▸ **ACTIVITY**: Exactly the lines below, starting with the one containing "RA i //// cJ ; ////" and going on through the one containing "こだわりの全53タイプのポイント集中マッサージから選ぶことができます。", must be reproduced, both ends included, and no pictures with them.

● ● ● ● ● ● ●

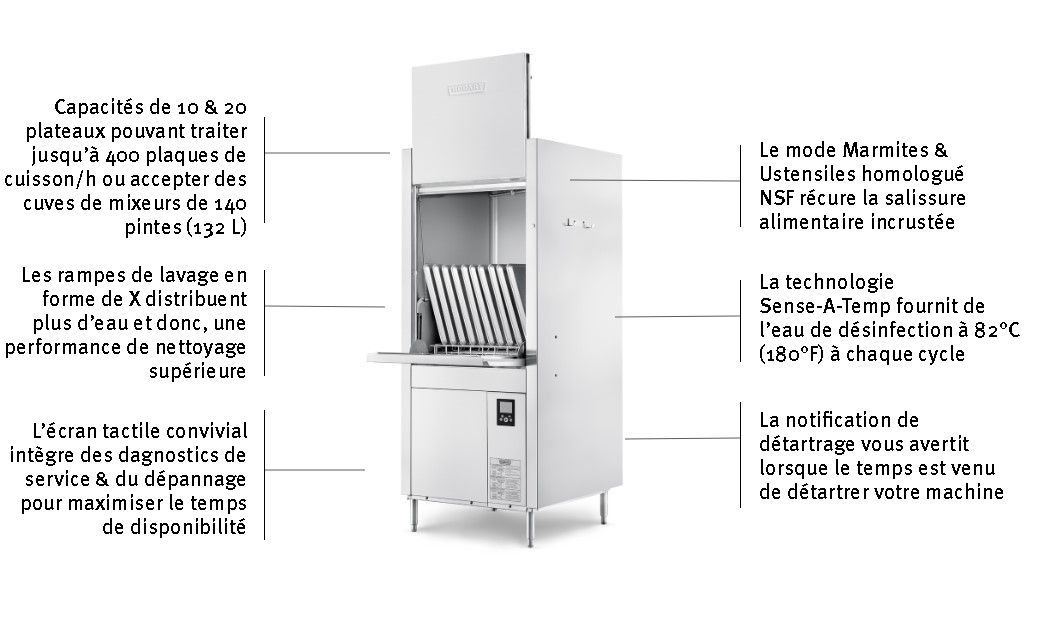 Une performance de lavage inégalée vous offre la légendaire Propreté Hobart en retirant plus de résidus alimentaires tenaces pour économiser du temps sur le pré-trempage et le pré-récurage des ustensiles.
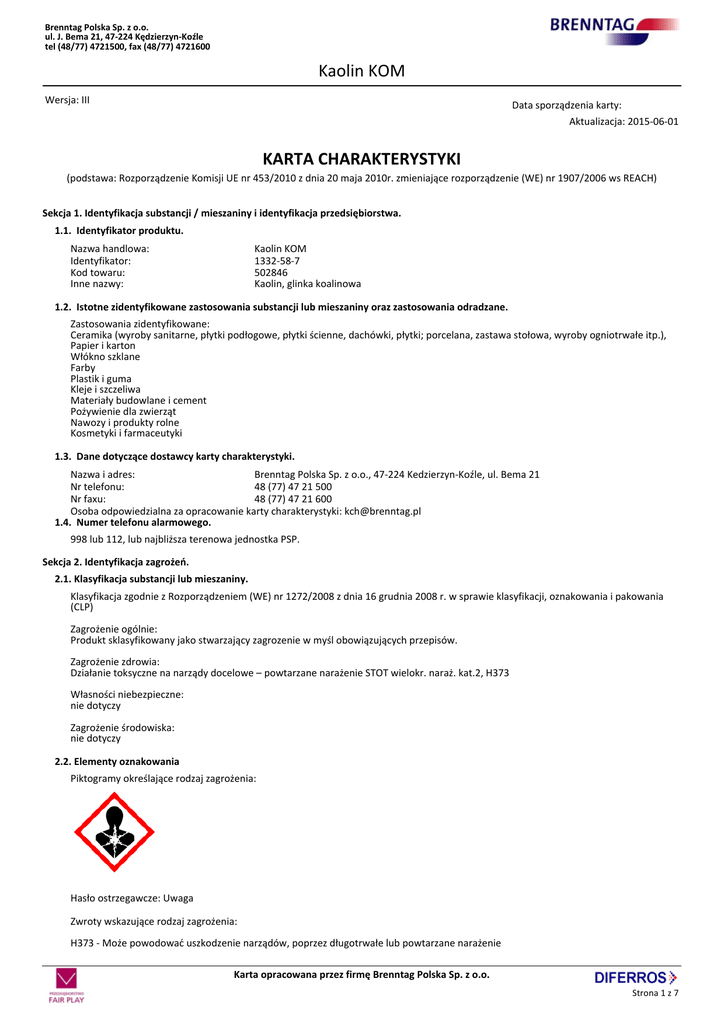 Brenntag Polska Sp. z o.o. ul. J. Bema 21, 47-224 Kędzierzyn-Koźle tel (48/77) 4721500, fax (48/77) 4721600 Kaolin KOM Wersja: III Data sporządzenia karty: __________ Aktualizacja: 2015-06-01 KARTA CHARAKTERYSTYKI (podstawa: Rozporządzenie Komisji UE nr 453/2010 z dnia 20 maja 2010r. zmieniające rozporządzenie (WE) nr 1907/2006 ws REACH) Sekcja 1. Identyfikacja substancji / mieszaniny i identyfikacja przedsiębiorstwa. 1.1. Identyfikator produktu. Nazwa handlowa: Identyfikator: Kod towaru: Inne nazwy: Kaolin KOM 1332-58-7 502846 Kaolin, glinka koalinowa 1.2. Istotne zidentyfikowane zastosowania substancji lub mieszaniny oraz zastosowania odradzane. Zastosowania zidentyfikowane: Ceramika (wyroby sanitarne, płytki podłogowe, płytki ścienne, dachówki, płytki; porcelana, zastawa stołowa, wyroby ogniotrwałe itp.), Papier i karton Włókno szklane Farby Plastik i guma Kleje i szczeliwa Materiały budowlane i cement Pożywienie dla zwierząt Nawozy i produkty rolne Kosmetyki i farmaceutyki 1.3. Dane dotyczące dostawcy karty charakterystyki. Nazwa i adres: Brenntag Polska Sp. z o.o., 47-224 Kedzierzyn-Koźle, ul. Bema 21 Nr telefonu: 48 (77) 47 21 500 Nr faxu: 48 (77) 47 21 600 Osoba odpowiedzialna za opracowanie karty charakterystyki: [email protected] 1.4. Numer telefonu alarmowego. 998 lub 112, lub najbliższa terenowa jednostka PSP. Sekcja 2. Identyfikacja zagrożeń. 2.1. Klasyfikacja substancji lub mieszaniny. Klasyfikacja zgodnie z Rozporządzeniem (WE) nr 1272/2008 z dnia 16 grudnia 2008 r. w sprawie klasyfikacji, oznakowania i pakowania (CLP) Zagrożenie ogólnie: Produkt sklasyfikowany jako stwarzający zagrozenie w myśl obowiązujących przepisów. Zagrożenie zdrowia: Działanie toksyczne na narządy docelowe – powtarzane narażenie STOT wielokr. naraż. kat.2, H373 Własności niebezpieczne: nie dotyczy Zagrożenie środowiska: nie dotyczy 2.2. Elementy oznakowania Piktogramy określające rodzaj zagrożenia: Hasło ostrzegawcze: Uwaga Zwroty wskazujące rodzaj zagrożenia: H373 - Może powodować uszkodzenie narządów, poprzez długotrwałe lub powtarzane narażenie Karta opracowana przez firmę Brenntag Polska Sp. z o.o. Strona 1 z 7 Brenntag Polska Sp. z o.o. ul. J. Bema 21, 47-224 Kędzierzyn-Koźle tel (48/77) 4721500, fax (48/77) 4721600 Kaolin KOM Zwroty określające warunki bezpiecznego stosowania: P260 - Nie wdychać pyłu/dymu/gazu/mgły/par/rozpylonej cieczy. P285 - W przypadku niedostatecznej wentylacji stosować indywidualne środki ochrony dróg oddechowych P501 - Zawartość/pojemnik usuwać do upoważnionego odbiorcy odpadów 2.3. Inne zagrożenia. W zależności od rodzaju postępowania i zastosowania (np. mielenie, suszenie) może być wytwarzana unosząca się w powietrzu respirabilna krzemionka krystaliczna. Długotrwałe i/lub intensywne wdychanie respirabilnej krzemionki krystalicznej może spowodować zwłóknienie płuc, zwane powszechnie pylicą krzemową. Głównymi objawami pylicy krzemowej są kaszel i bezdech. Wystawienie na działanie pyłu krzemionki krystalicznej w związku z wykonywanym zawodem powinno być monitorowane i kontrolowane Kryteria opisane w załączniku XIII (właściwości PBT i vPvB) nie mają zastosowania dla substancji nieorganicznych. Sekcja 3. Skład / informacja o składnikach. Skład wg Rozporządzenia 1272/2008. zawiera: 1-10% kwarcu (STOT RE 1, H372; CAS: 14808-60-7; WE: 238-878-4) ok. 99% Mieszanina glinokrzemianów, głownie kaolinitu i illitu z niewielką ilością skalenia oraz kwarcu Nr CAS: 1332-58-7 Nr indeksowy: nie dotyczy Nr WE: 310-194-1 Sekcja 4. Środki pierwszej pomocy. 4.1. Opis środków pierwszej pomocy. Wdychanie: W razie narażenia na wdychanie pyłu wyjść na świeże powietrze. Kontakt ze skórą: W razie kontaktu ze skórą zmyć wodą z mydłem. Nawilżyć skórę. Kontakt z oczami: W razie dostania się do oczu płukać dużą ilością wody. Jjeśli podrażnienie utrzymuje się, skontaktować się z lekarzem Spożycie: W razie połknięcia przepłukać usta, wypić dużą ilość wody, skorzystać z pomocy medycznej. 4.2. Najważniejsze ostre i opóźnione objawy oraz skutki narażenia. Nie są obserwowane skutki oraz objawy ostre i opóźnione. 4.3. Wskazania dotyczące wszelkiej natychmiastowej pomocy lekarskiej i szczególnego postępowania z poszkodowanym. Nie są wymagane żadne specjalne działania Sekcja 5. Postępowanie w przypadku pożaru. 5.1. Środki gaśnicze. Pożary w obecności produktu gasić środkami odpowiednimi dla palących się materiałów. 5.2. Szczególne zagrożenia związane z substancją lub mieszaniną. Produkt niepalny. Brak rozkładu termicznego. 5.3. Informacje dla straży pożarnej. brak szczególnych zaleceń Sekcja 6. Postępowanie w przypadku niezamierzonego uwolnienia do środowiska. 6.1. Indywidualne środki ostrożności, wyposażenie ochronne i procedury w sytuacjach awaryjnych. Używać sprzętu ochrony osobistej. Unikać rozpylania produktu w powietrzu, nie wdychać pyłu; zapewnić odpowiednią wentylację w pomieszczeniach zamkniętych 6.2. Środki ostrożności w zakresie ochrony środowiska. Zapobiec rozprzestrzenianiu się lub dostaniu do kanalizacji, rowów, rzek. 6.3. Metody i materiały zapobiegające rozprzestrzenianiu się skażenia i służące do usuwania skażenia. Unikać zmiatania na sucho i używać systemów czyszczących z rozpylaniem wody lub próżniowych, aby zapobiec tworzeniu unoszącego się w powietrzu pyłu 6.4. Odniesienia do innych sekcji. Karta opracowana przez firmę Brenntag Polska Sp. z o.o. Strona 2 z 7 Brenntag Polska Sp. z o.o. ul. J. Bema 21, 47-224 Kędzierzyn-Koźle tel (48/77) 4721500, fax (48/77) 4721600 Kaolin KOM patrz sekcja. 8 oraz sekcja 13 Sekcja 7. Postępowanie z substancjami i mieszaninami oraz ich magazynowanie. 7.1. Środki ostrożności dotyczące bezpiecznego postępowania. Unikać tworzenia pyłu unoszącego się w powietrzu. W miejscach tworzenia się pyłu unoszącego się w powietrzu z
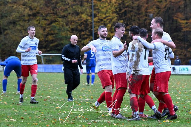 Fussball, Bezirksliga Ost, SG Berod-Wahlrod-Lautzert-Oberdreis (weiss-rot) vs. SG Neitersen-Altenkirchen (blau), 17.11.2024 |
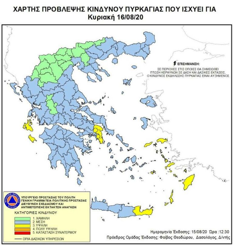 Σύμφωνα με το Χάρτη Πρόβλεψης Κινδύνου Πυρκαγιάς που εκδίδει η Γενική Γραμματεία Πολιτικής Προστασίας του Υπουργείου Προστασίας του Πολίτη, προβλέπεται υψηλός κίνδυνος πυρκαγιάς (κατηγορία κινδύνου 3) σε Αττική, Κεφαλλονιά, Ζάκυνθο, Λασίθι, Σάμο, Ικαρία και Δωδεκάνησα.
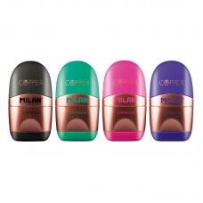 Trintukas su apsauginiu dėklu ir drožtuku MILAN CAPSULE COPPER. Minkštas, sintetinis, guminis, ovalus trintukas, su kuriuo galėsite trinti daugelio skirtingų grafito pieštukų žymes nuo bet kokio tipo popieriaus. Trintuko dėklo apačioje įtaisytas patogus drožtukas su aštria ir tvirta geležte, tinkama bet kokio tipo pieštukams. Apsauginė geležtės sistema apsaugo nuo geležtės atsiskyrimo nuo drožtuko. Dėklo dizainas ryškių spalvų ir auksinių detalių derinys.
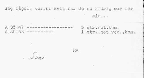 //// Säg fågel, varför kvittrar du nu aldrig mer för ' //// mig... //// ? //// A 35:47 --- 5 str.not.kom. ; //// A 35:63 ---1 strnot .var.,korn. ; //// i //// / //// RA i //// cJ ; ////
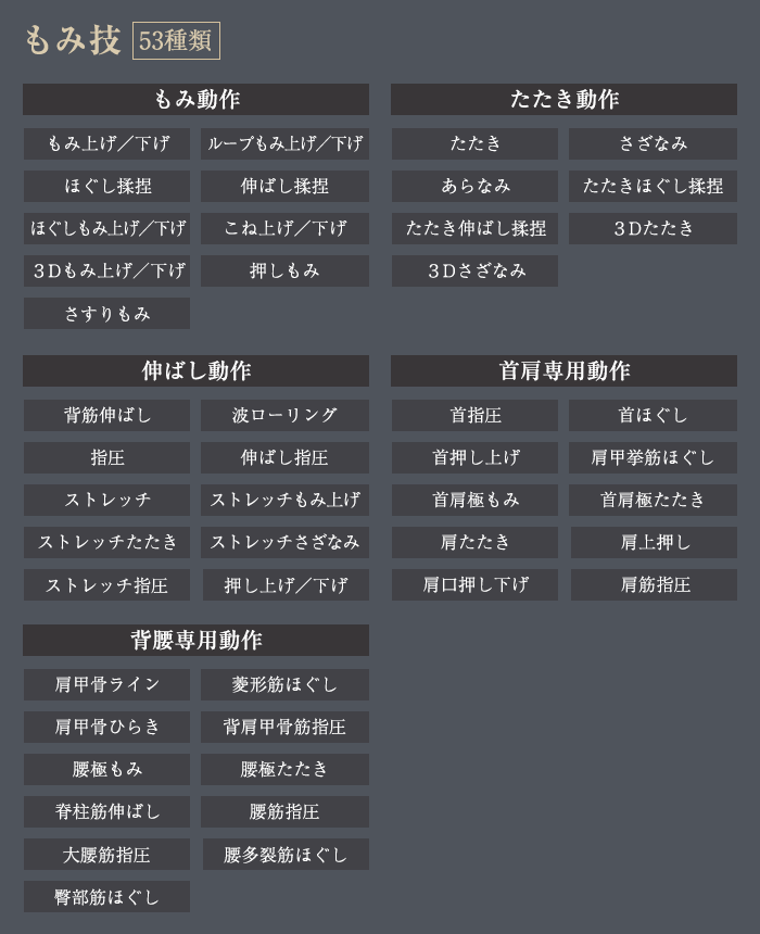 こだわりの全53タイプのポイント集中マッサージから選ぶことができます。
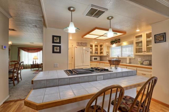 Amazing new holiday price of only $435k! Lovely updated 1,536 sq ft home on a terrific corner lot with welcoming front and rear covered decks perfect for relaxing or entertaining. The spacious family room has an open feel and the addition creates a versatile office area. Enjoy a beautifully remodeled kitchen with tile counters, breakfast bar seating, and light cabinetry, plus tastefully updated baths. Upgrades include sheetrock walls, dual-pane windows, newer furnace and A/C, updated plumbing, earthquake bracing, and more. (Home is actually over 1600 sf with added office off family room!) Two bedrooms and two full baths are complemented by the added office space for work or hobbies. Bright living and dining areas flow easily to the kitchen, while the outdoor spaces offer both privacy and charm. A well-maintained home with thoughtful improvements and plenty of room to spread out. Move-in ready and waiting for its next owner. Enjoy access to clubhouse, pool, spa, gym, tennis, and RV parking. A must-see gem in Woodland Estates, Morgan Hills most desirable senior park; one of only two resident owned parks in Santa Clara county! Woodland Estates is a resident owned senior park with a low park fee of only $370/mo including water, sewer & garbage!
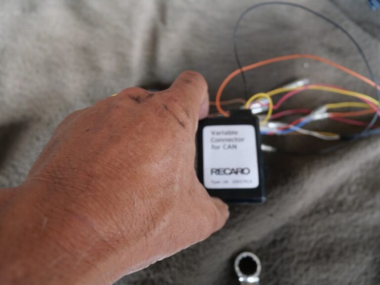 を使用して取り付けです。レカロシートレールには、CANバスアダプターも付属でして車両側の配線に接続して

● ● ● ● ● ● ●

▸ **ANSWER SPACE**:
 //// Säg fågel, varför kvittrar du nu aldrig mer för ' //// mig... //// ? //// A 35:47 --- 5 str.not.kom. ; //// A 35:63 ---1 strnot .var.,korn. ; //// i //// / //// RA i //// cJ ; ////
 こだわりの全53タイプのポイント集中マッサージから選ぶことができます。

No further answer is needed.